In preparation for the programming task, I compiled a table with different data types (array, list, balanced B-tree, heap, and a couple of exotic ones), where for each supported operation I noted its complexity (in O-notation). I don’t know why, but it seemed to me the minimum minimum minimum I could need. I did not take the computer out of those considerations that the keystroke would still be heard and that it would only distract me from the decision: surely the task would not be very complex, since the entire interview is planned for only half an hour.
I do not know why it happened, but the interviewer rang an hour earlier. Either I incorrectly transferred the time to the local, or he was wrong - but the fact remains that at 10 o'clock they unexpectedly called and introduced themselves as an “interviewer”. It’s good that it was in the evening and I, in principle, was ready and just rehearsed, but in the first seconds I was just dumbfounded. My advice is therefore - do not delay the rehearsal for the last hour before the interview :)
Although the interviewer was an American, he honestly tried to speak slowly and clearly. It can be said, it was directly audible as he tries to clearly pronounce his words, which must have been prepared text. It certainly helped a lot. It was also hampered by the fact that some kind of IP-telephony was most likely used, because the periodic distortions of his voice very much resembled a Skype conversation via an analog modem.

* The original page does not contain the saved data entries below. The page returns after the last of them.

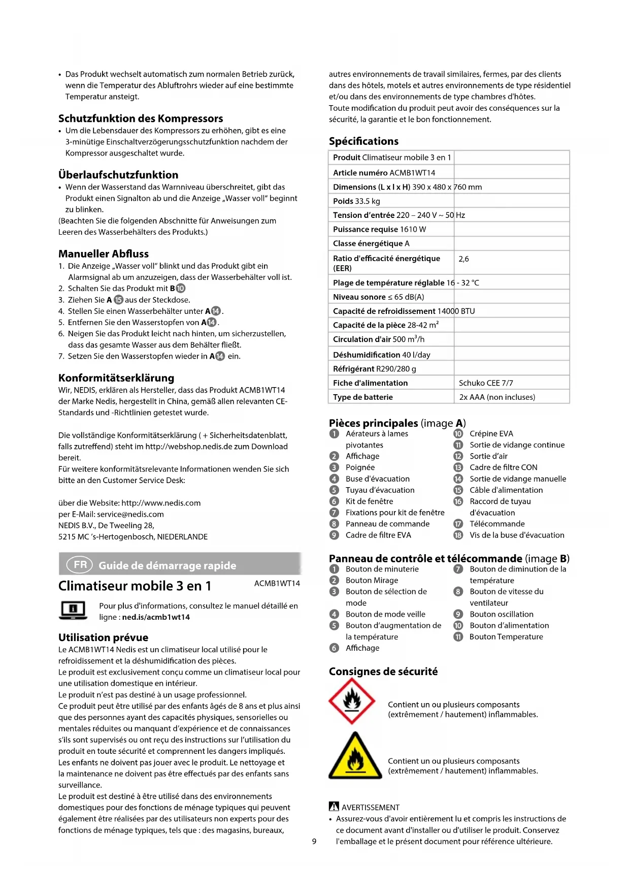 Guide de démarrage rapide Climatiseur mobile 3 en 1 ACMB1WT14Pour plus d'informations, consultez le manuel détaillé en ligne : ned.is/acmb1wt14 Utilisation prévue Le ACMB1WT14 Nedis est un climatiseur local utilisé pour le refroidissement et la déshumidication des pièces.Le produit est exclusivement conçu comme un climatiseur local pour une utilisation domestique en intérieur.Le produit n’est pas destiné à un usage professionnel.Ce produit peut être utilisé par des enfants âgés de 8 ans et plus ainsi que des personnes ayant des capacités physiques, sensorielles ou mentales réduites ou manquant d’expérience et de connaissances s’ils sont supervisés ou ont reçu des instructions sur l’utilisation du produit en toute sécurité et comprennent les dangers impliqués. Les enfants ne doivent pas jouer avec le produit. Le nettoyage et la maintenance ne doivent pas être eectués par des enfants sans surveillance.Le produit est destiné à être utilisé dans des environnements domestiques pour des fonctions de ménage typiques qui peuvent également être réalisées par des utilisateurs non experts pour des fonctions de ménage typiques, tels que : des magasins, bureaux,10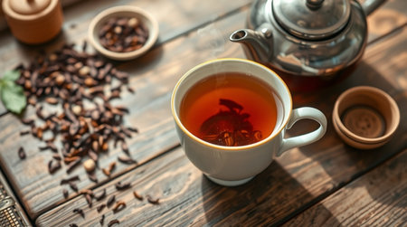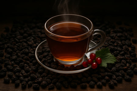 AI generated photo of hot herbal tea made from dried raisins served in a glass cup on wooden surface with steam rising and vintage lighting mood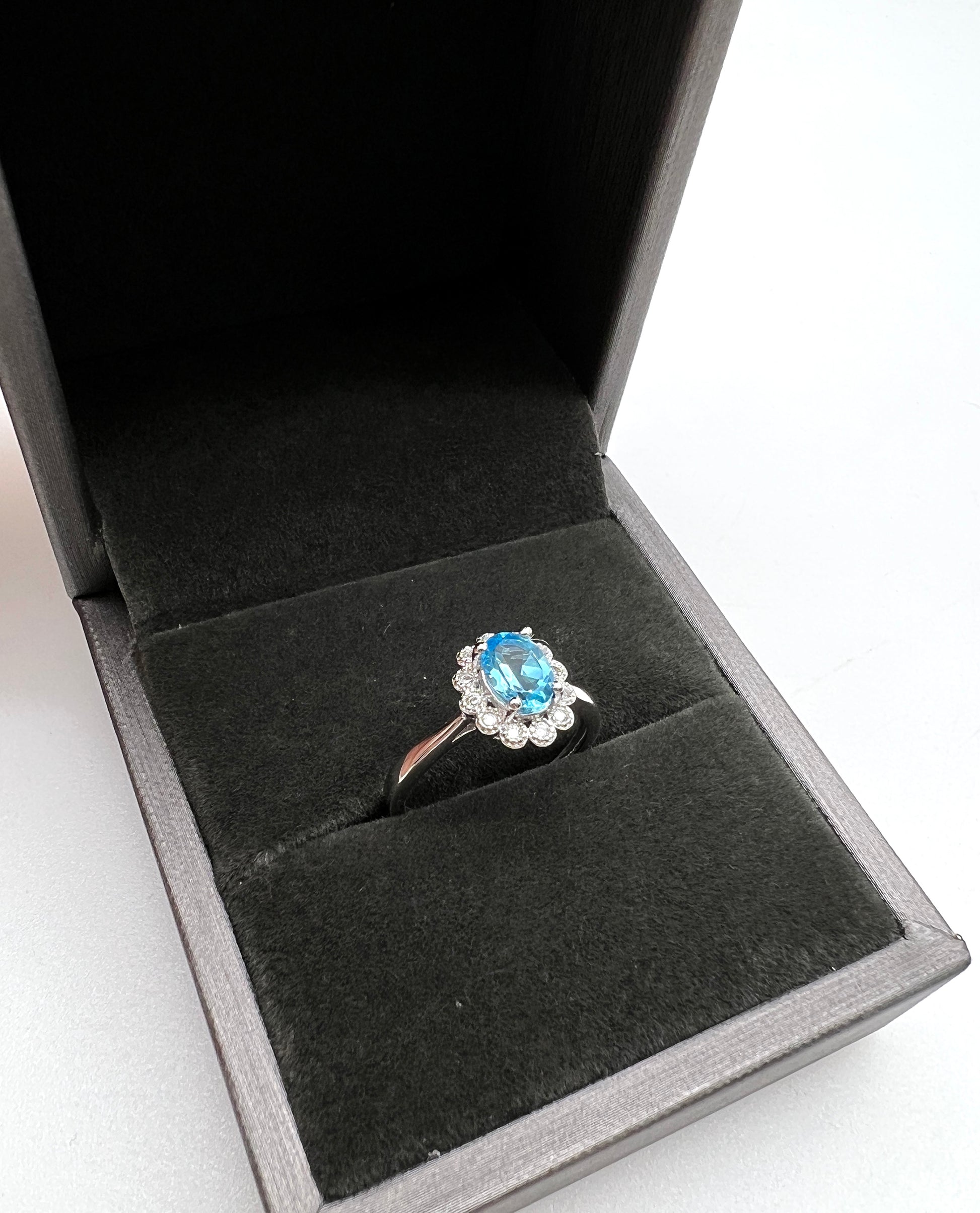 Introducing our Blue Topaz Stone Big Princess Diana Ring - a stunning piece of jewelry that captures the elegance and sophistication of the late Princess Diana.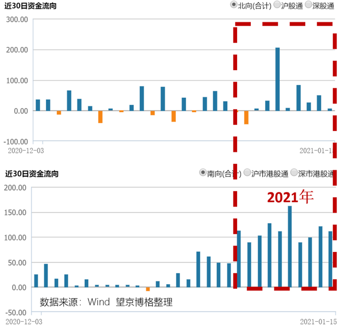 根据Wind数据“沪深港通”开通以来,截止2021年1月15日北上资金合计1.24万亿人民币,南下资金合计1.62万亿人民币,尤其是2021年以来南下资金持续每天破百亿。在A股两年结构性“牛市”之后,无论是机构投资者还是普通投资者都无法忽视港股的多元化配置价值。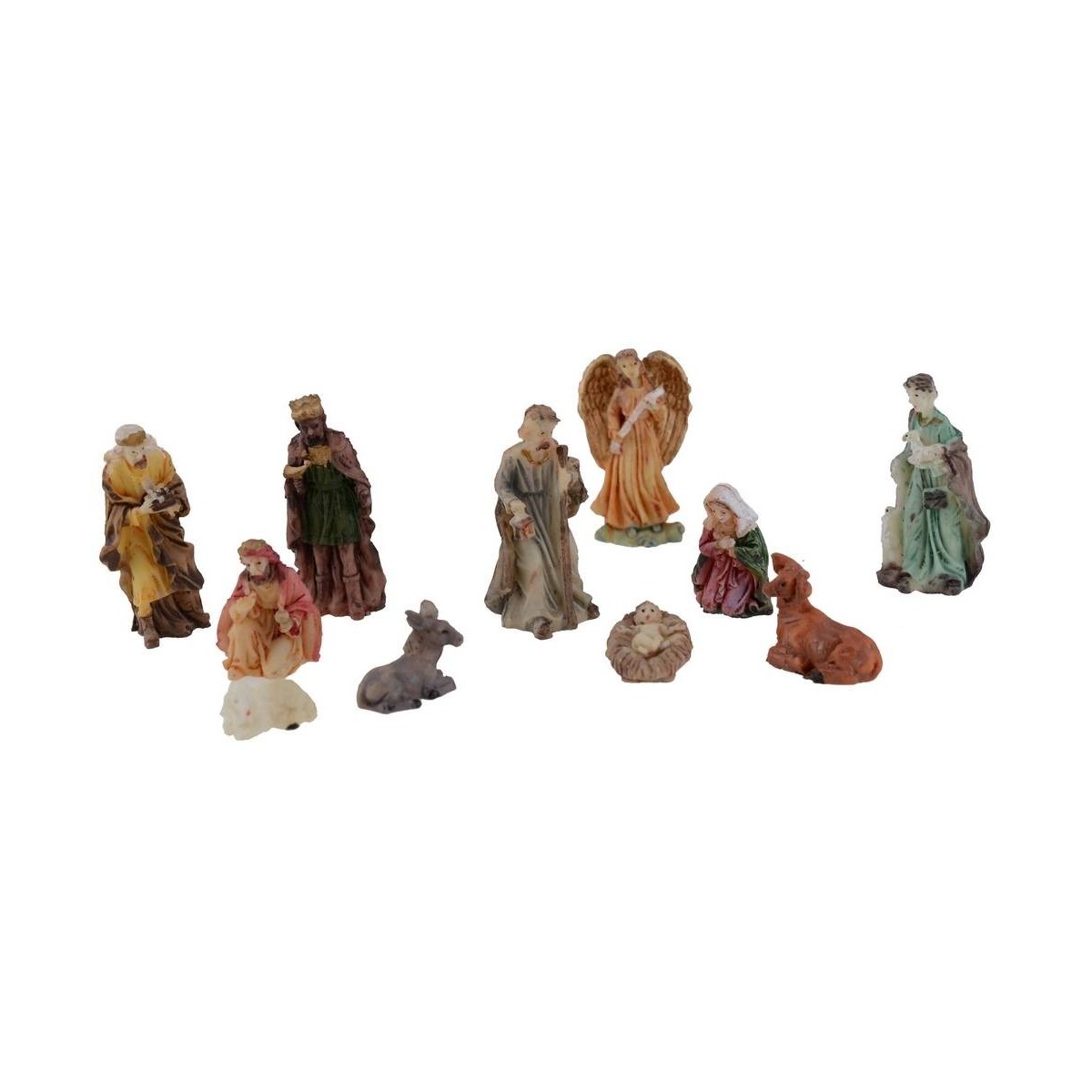 Set 11 statuine altezza 5 cm in resina per presepe composto dalla Natività (San Giuseppe, Maria, Gesù, bue e asino), i Tre Re Magi, l'angelo, pastore e pecora.

After he introduced himself and asked me if I was the candidate, the interview began. He immediately took my last draft in the resume and began to ask him questions from those for which I had already prepared answers: about problems, about what I would have done differently, about the attitude in the team. Then he asked a more general question: what skills do I consider most important and valuable, and why. Together, it took about 15 minutes.
Exactly 15 minutes later he asked me if I had any questions and if not, then we can “conclude our conversation”. I replied that I had no questions and that I was ready for “conclude”, at the same time preparing paper to write down the conditions of the task for programming which, in my opinion, should have been in the next 15 minutes after that “conclude”. To which he downloaded "Ok, then good bye, Alexander" and hung up.
In the first few seconds, I was just in a stupor. Then I hung up, I think that maybe I misunderstood and this just broke the connection and he will call me back. But it took about ten minutes and no one called me back. I did not have an interviewer phone, of course. The only thought that was spinning in my head was: probably I said something completely stupid or wrong and he decided not to give any task at all. But what could it be, I did not know - it seemed to me, I was rather fluent, without a large number of mistakes, and I honestly told.
Thank God, the wait was not long: the interview was on February 13, and from February 22 to February 26, interviews were scheduled in Munich (which I knew). Considering that I myself live in Hamburg, I should have been warned for 2-3 days, that is, there was actually less than a week to wait.
However, a week passed, a week of interviews began - and no one ever wrote anything to me. On the last day of the interviews, February 26, was my birthday, so by the end of the week I was almost resigned to the refusal (anyway, there was no chance to have an interview in Munich) and was busy with pleasant efforts to prepare for the celebration of Birthday.
The answer came just on my birthday, on Friday evening. The standard response, the recruiter simply clicked on Reply in my Outlook, so when I saw the title of the letter on the phone, I did not even open the letter in order not to be upset.